Works out of the box if claude, codex, opencode, or pi is installed and signed in.

Agent-as-tool

oa works as a dispatch layer for agents that want to delegate work to other agents. An outer agent (e.g., Claude Code) can run oa as a background task to send a targeted edit to a different model, then inspect the diff when it's done:

# From inside an agent session — dispatch a file edit to gpt-5.4 via Pi
oa -b pi -m openai-codex/gpt-5.4 "Edit internal/auth/handler.go: add rate limiting to Login" --jsonl

# Verify the result
git diff internal/auth/handler.go

The normalized output means the outer agent can parse results from any backend without special handling. Portable threads let you chain follow-ups across models.

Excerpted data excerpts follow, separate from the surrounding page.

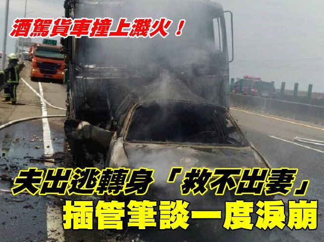 嘉義縣東石鄉台61線西濱快速道路北上段3日發生一起死亡車禍,吳姓男子(28歲)酒後開著滿載蚵仔的貨車猛力追撞前方轎車,導致小客車當場起火燃燒,車內一家3口僅逃出2人;傷者劉男(55歲)含淚以紙、筆向警方表示,當時自己僅拉出坐在副駕的女兒,但卻來不及救後座的妻子(52歲),過程中一度痛哭流淚,令現場警方看了也相當心酸。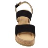 Sandália plataforma Mella Italy 1912 em camurça preta com tira ajustável no tornozelo. Salto de cortiça de 6,5 cm, palmilha acolchoada em couro com espuma viscoelástica e sola antiderrapante. Tamanhos pequenos 32, 33 e 34.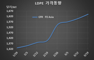 LDPE(Low-Density Polyethylene)는 1600달러대 중반으로 올라섰다.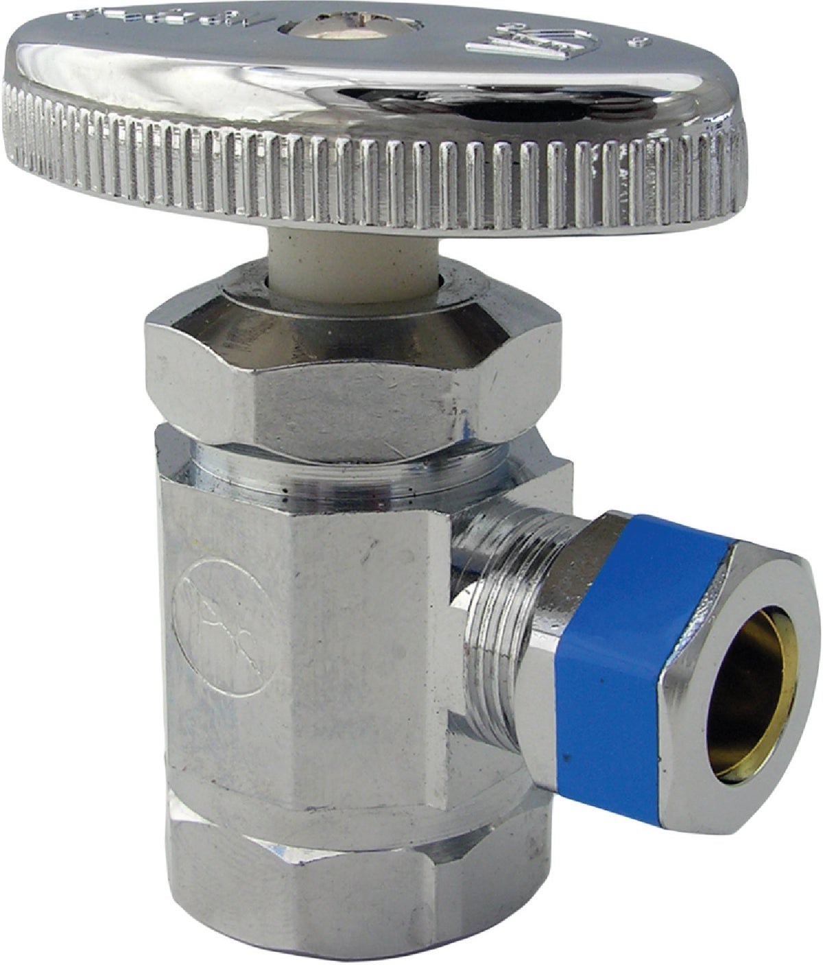 LARSEN FIP X COMPRESSION ANGLE STOP VALVEThis Larsen angle stop valve features a 1/2" female iron pipe (FIP) inlet and 1/2" OD compression outlet. The chrome plated brass body provides durability and corrosion resistance, and the multi-turn design allows precise flow control.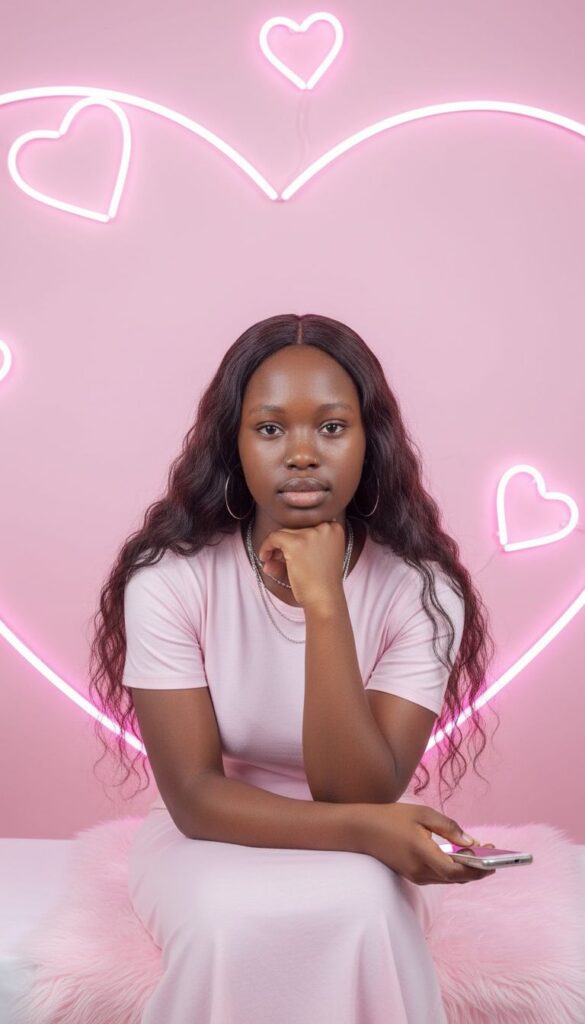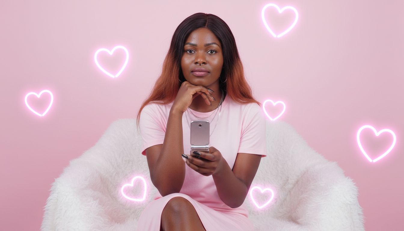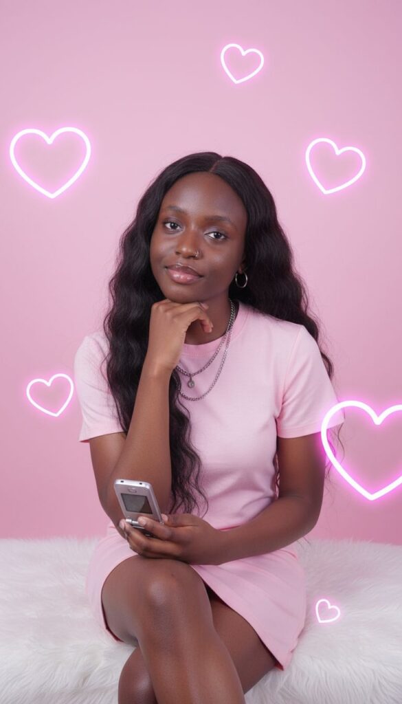 Create a waist-up portrait of a young woman with long, wavy dark hair, styled with a center part. She is sitting against a solid light pink background, with several glowing pink neon heart shapes around her. She is wearing a simple light pink t-shirt dress and several silver necklaces. She has a nose ring and hoop earrings. Her right hand is resting under her chin, and she is holding a small, silver flip phone in her left hand. She is sitting on a white surface covered with light pink faux fur. The lighting is soft and even. Use the uploaded photo as reference. Copy my face 100%.

An agent skill is included for agents that support the Agent Skills format. Install it with:

npx skills add 1broseidon/oneagent --skill oa-dispatch

Pipelines

Chain agents sequentially with && and shared threads. Each step sees the file changes and conversation context from previous steps:

# Build → review → document, different agents, one thread
oa -b codex -t feat "add input validation to the signup handler" && \
oa -b codex -t feat "review the changes, run tests, report any issues" && \
git diff | oa -b claude "write a changelog entry for this change"

Pipe content into any step as context:

# Feed test output to an agent for diagnosis
go test ./... 2>&1 | oa -b claude -t fix "diagnose these failures and fix them"

# Code review a specific diff
git diff main..HEAD | oa -b codex "review this PR for security issues"

# Summarize a log file
cat /var/log/app/errors.log | oa -b claude "summarize the error patterns"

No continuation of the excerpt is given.